Since the target distribution P is constant, minimizing L_distribution is identical to minimising the cross-entropy term with respect to the network weights; this means that we are simply promoting that the proportion of inliers in a given minibatch matches our desired distribution. As this loss function uses the categorical membership of the y_i to estimate Q, a soft membership function is used to make this operation differentiable and hence suitable for back-propagation.

We calculate the proportion inside the bounds as Q_in,soft = σ (ξ (y – b_l)) ⊙ σ (ξ (b_u – y)). The minibatch of ground truth counts y is compared with the regressed bounds, b_l and b_u, with σ representing the sigmoid function and ξ being a positive softening constant (set to ξ = 2). This formulation of the soft boundaries is as in [8], with the other soft memberships (over, under) being set analogously.

Our proposed loss is given by:

ℒ_{proposed} = {\bar{W}}_{captured} + λ \sum_{s} P_{s} \log (Q_{s})

(3)

In short, instead of using a one-sided data likelihood term, we used the crossentropy calculated between the chosen P and Q. This reformulation has not only added flexibility, allowing for different state chosen P distributions, but we also found it easier to train than the model in Eq. 1.

2.4. Network Architectures and Implementation Details

The U-Net [13] forms the basis of all of our CNNs. The multi-task network has a U-Net backbone with the same parameters as for the single-task approaches. It then splits into separate branches (one for segmentation and one for density prediction).
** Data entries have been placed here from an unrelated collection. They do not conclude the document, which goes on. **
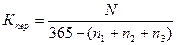 где N – количество рабочих дней в году; n1 – количество выходных и праздничных дней в году; n2 – количество отпускных дней в году; n3 – прочие невыходы на работу.
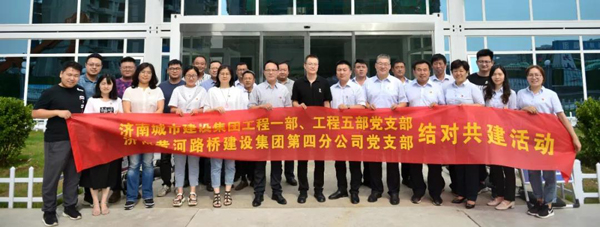 為深入貫徹習(xí)近平新時代中國特色社會主義思想和黨的十九大精神,推進全面從嚴(yán)治黨在基層走深走實,著力構(gòu)建基層黨組織互幫互助常態(tài)化,形成優(yōu)勢互補、共同提升的基層黨建工作新格局,7月9日下午,濟南城市建設(shè)集團工程一與工程五部黨支部聯(lián)合濟南黃河路橋第四分公司黨支部在張劉片區(qū)項目部開展結(jié)對共建活動。濟南城市建設(shè)集團副總經(jīng)理孫培梁,工程一與工程五部黨支部書記郭正,濟南黃河路橋集團公司黨委委員、副總經(jīng)理楊中生,第四分公司黨支部書記、分公司經(jīng)理伏燕云出席會議,支部全體黨員參加活動。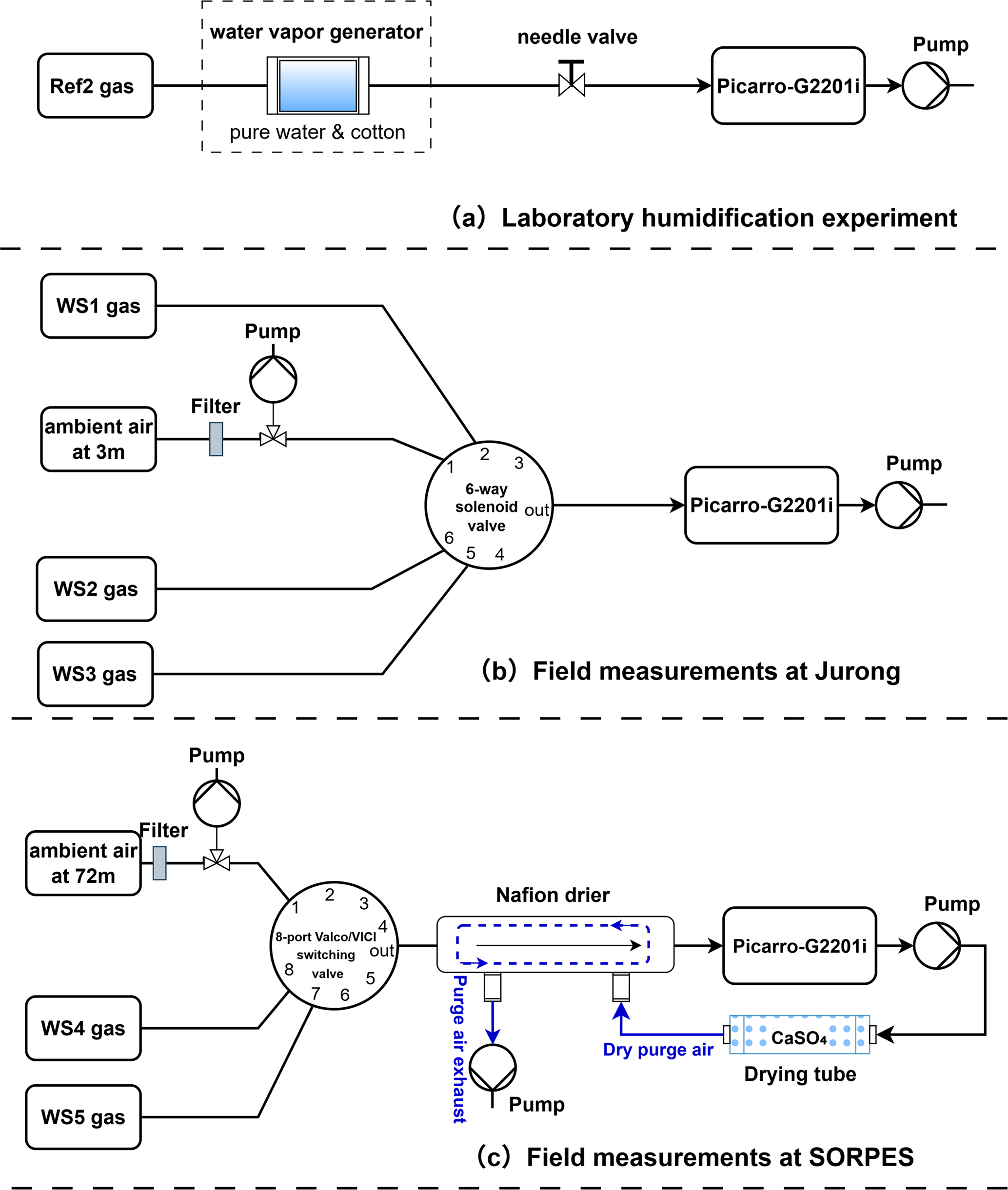 Figure 1Laboratory and field setups for CH4 and δ13 CH4 measurements using a Picarro G2201-i analyzer. (a) Laboratory setup for deriving the water vapor correction function using humidified Ref2 gas. (b) Field setup at the Jurong site using WS1–WS3 and ambient air at 3 m above the ground, streams selected via a solenoid valve. (c) Field setup at the SORPES site with WS4–WS5 and ambient air sampled at 72 m above the ground, equipped with a Nafion™ dryer. Note that a 6-way solenoid valve was used at Jurong, whereas an 8-port Valco or VICI switching valve was used at SORPES.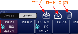 作成したリズムパターン、メトロノームは、ユーザーメモリーに保存することができます。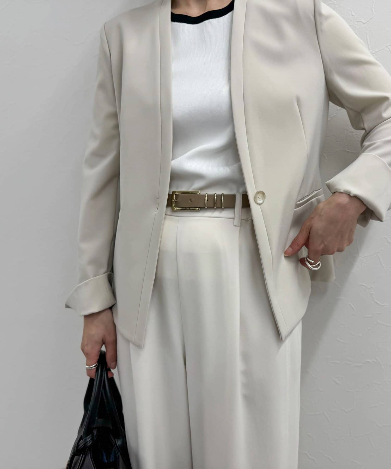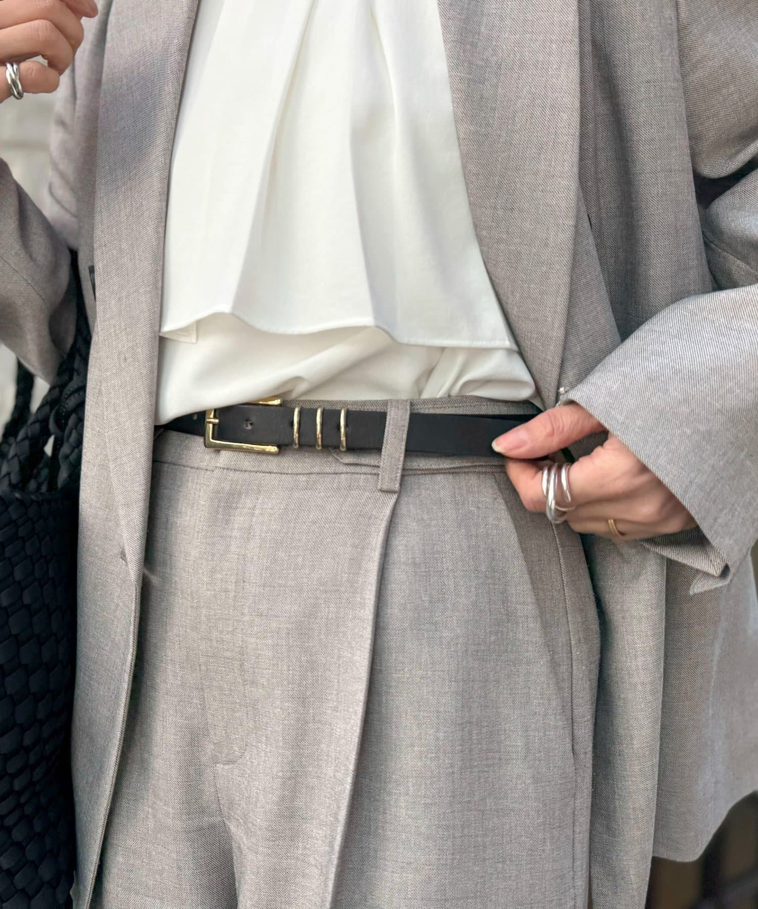 ・ゴールドバックルとリングが、シンプルながらも目を引くアクセントに。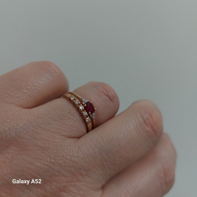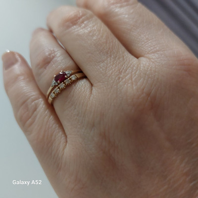 В дополнении дорожки смотрится чудесно, как в прочем и самостоятельно. Рубин блестит, бриллиантики заметны, хоть и мелкие.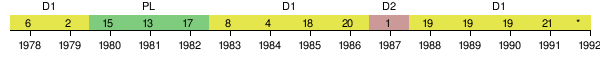 (league)Head coach 1992 1st 18 30 4 9 17 24 53 17 — — Lemish – 5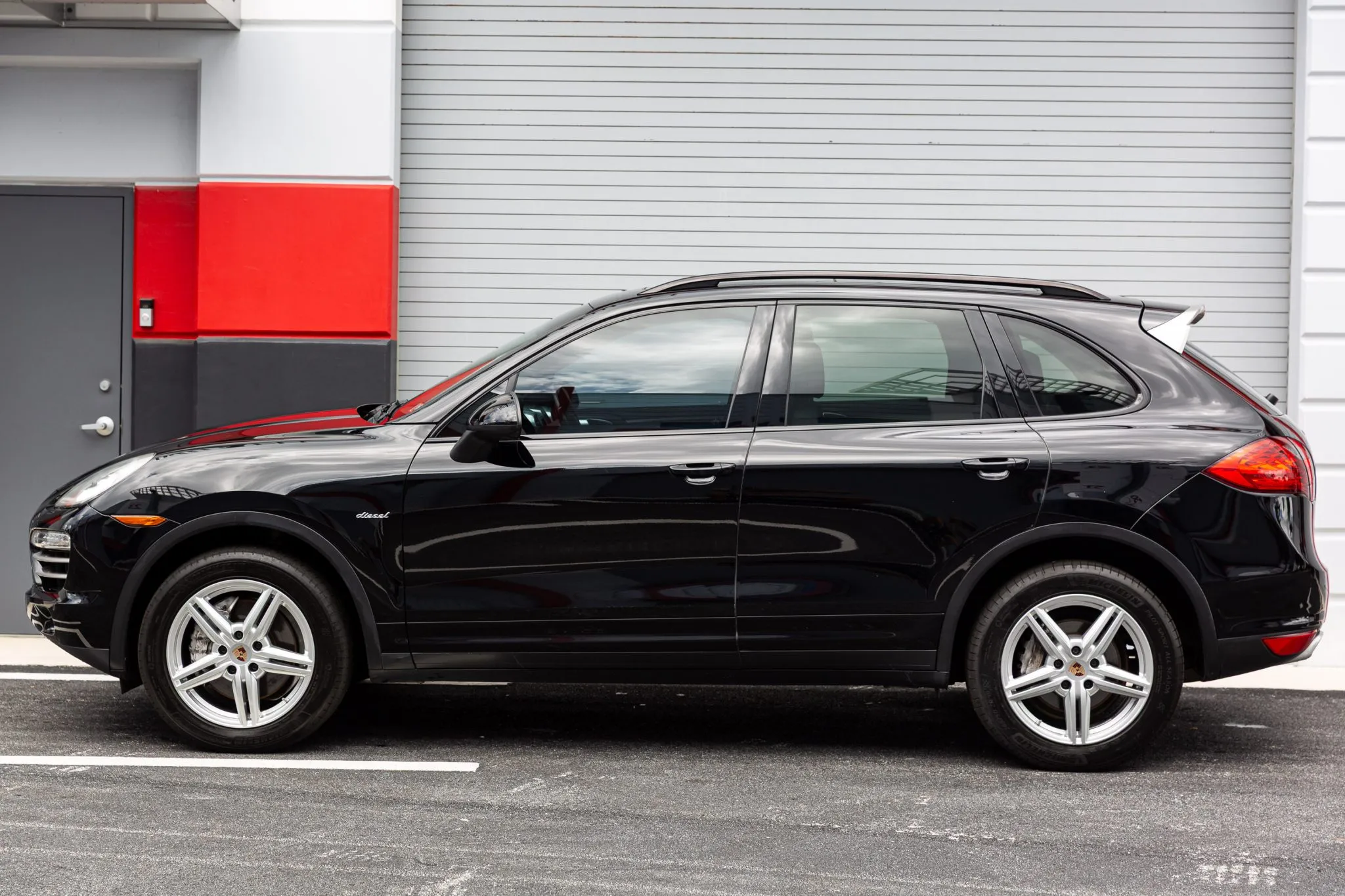 This 2014 Porsche Cayenne Diesel is a Platinum Edition example that is powered by a turbocharged 3.0-liter diesel V6 linked with an eight-speed Tiptronic S automatic transmission and a locking center differential.

For the proposed method of uncertainty prediction, we fit a regression network with three output quantities. First, it outputs a ‘predicted count’ which is trained with an L ₂ loss. The other two quantities are the upper and lower bounds, for a given a. In our experiments we choose α = 0.1, making them 90% intervals. The architecture was chosen to have residual blocks as part of the arm to avoid vanishing gradients.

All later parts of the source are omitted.